Naturally, regardless of how much time he sees in that position, the experiment will face a rigorous test without hesitation as the Rangers are on deck for two of Boston’s first three games.

With their first-place finish in the standings and 20-game run to the conference finals last year, the Blueshirts obliterated all secrets as to their second-nature shot-blocking habit. That along with all other aspects of their laser-beamed defensive fortress was rewarded with the fifth-best penalty killing percentage in the 2011-12 regular season.

At even strength, the Rangers are vying to sustain or enhance a defense that finished third in the NHL with 2.22 goals against per night in the regular season and the same slot with 2.05 in the playoffs.

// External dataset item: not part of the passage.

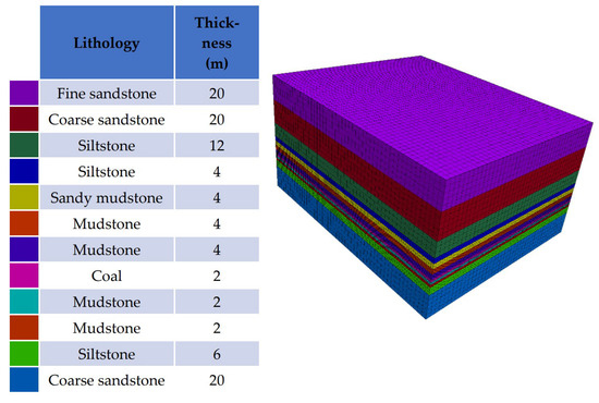The model includes a total of 744,980 nodes and 701,400 blocks. In order to improve the simulation accuracy, the coal seam, immediate roof and immediate floor grids are appropriately densified with a block size of 0.5 m length × 1.0 m width × 0.5 m height. A pressure of 16.8 MPa is applied to the upper boundary of the numerical simulation model, with displacement constraints applied to the other five faces. The model meshing is shown in Figure 4.
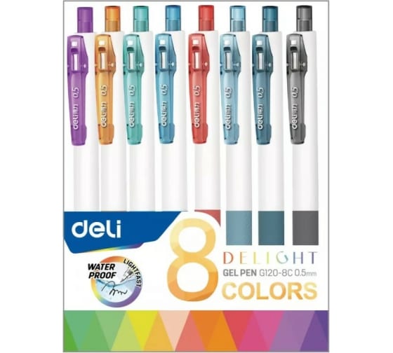 Набор гелевых ручек DELI EG120-8C 8 шт 8 цветов, 12 упак 1657446 предназначен для работы и учебы.

The Bruins themselves managed merely two goals apiece in two meetings with New York, dropping the others by 3-0 and 4-3 decisions. Although, in the latter game on March 4, 2012, the third line had a hand in two Boston strikes with the sophomore Caron claiming a hand in each.

In addition, three of the Bruins’ seven goals in the season series came from a defenseman. In turn, with playmaking being his forte, Bourque can vie to make an immediate impact on the power play by dishing a delectable feed to a full-blooded blueliner on the other point.

Any pass in that arrangement or to Kelly or Peverley during five-on-five could blossom into a boon, or any given pass could be picked off to a statistically detrimental degree. The latter event would not be an utter shock, though it would be a test of short-term resilience and poise.

But any stimulating looks at the Rangers net, whether they are rewarded or not, will be a critical plus point, especially if Bourque is to be pressed into a regular role on the big club.